▶ [GIVEN RECORDS]

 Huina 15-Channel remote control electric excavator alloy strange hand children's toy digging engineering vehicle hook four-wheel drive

==

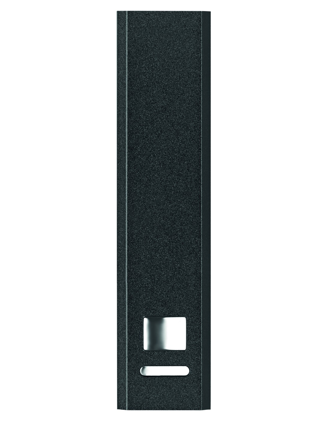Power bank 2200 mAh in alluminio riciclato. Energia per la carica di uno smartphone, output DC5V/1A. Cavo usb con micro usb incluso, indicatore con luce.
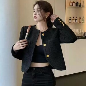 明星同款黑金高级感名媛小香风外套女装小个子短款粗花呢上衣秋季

▶ [REQUIRED ACTION] Whatever pictures the records hold, omit them; give again exactly the lines from the one containing "Power bank 2200" through the one containing "明星同款黑金高级感名媛小香风外套女装小个子短款粗花呢上衣秋季".

▶ [FINISHED TASK]
Power bank 2200 mAh in alluminio riciclato. Energia per la carica di uno smartphone, output DC5V/1A. Cavo usb con micro usb incluso, indicatore con luce.
 明星同款黑金高级感名媛小香风外套女装小个子短款粗花呢上衣秋季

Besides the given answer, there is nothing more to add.